Parker grabs 3 glasses then sits on the other end of my sofa. He rubs his hand over his face roughly before pouring us each a whiskey and opening 3 beers and handing us our drinks.

We sip our beers in silence before Parker speaks up, "I'm sorry I hit you man. It's not your fault and I don't want you thinking it is. I just- I dunno, I need to blame someone, I'm so fucking angry." He shifts in his seat uncomfortably, likely restless from the same rage I know all too well buzzing through him.

I clink my bottle against his in sign of accepting his apology.

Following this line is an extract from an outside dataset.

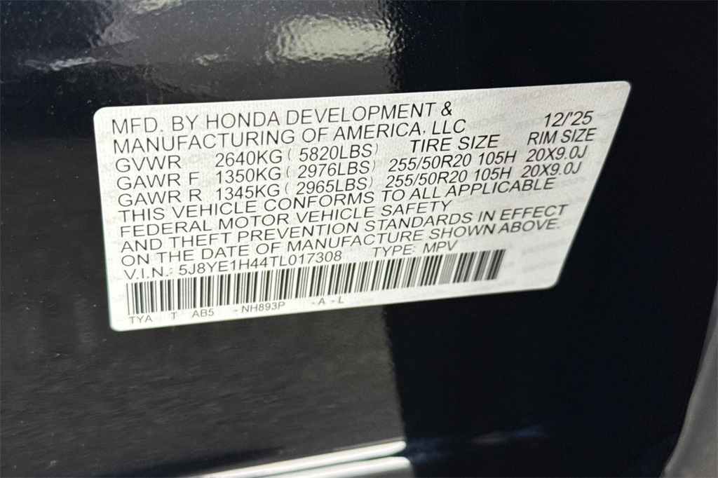 - VIN : 5J8YE1H44TL017308
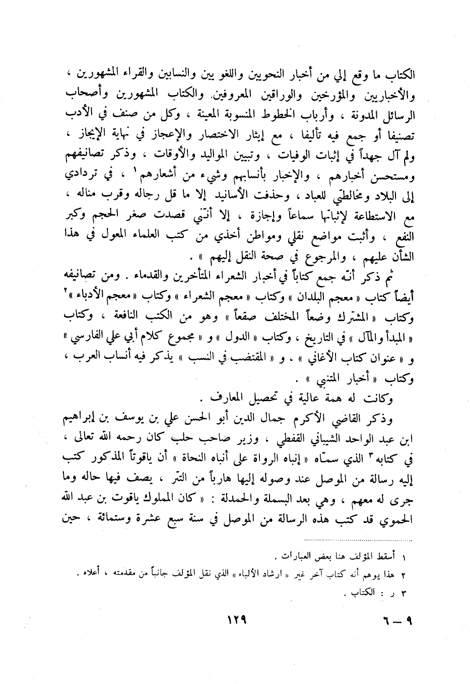 (2) هذا يوهم أنه كتاب آخر غير " إرشاد الألباء " الذي نقل المؤلف جانباً من مقدمته، أعلاه.

He lets out a humourless laugh, "Who would have thought shithead would come through?" He shakes his head in disbelief at the thought of Hunter, the kid who grew up next door to us and has been madly in love with our baby-sister for years, giving that rapist fuck a beating so good he needed plastic surgery.

We're all silent again for a while, reflecting on what's happened.

"How do we get past this?" Joey asks.

"I guess we just have to. It happened to Grace and she's moving on. We have to too." Parker says, although his face portrays just how difficult thats going to be.

"Well boys, I think for tonight drowning our sorrows with alcohol sounds like a good idea." I say as I pour the glass of JD down with them both following suit.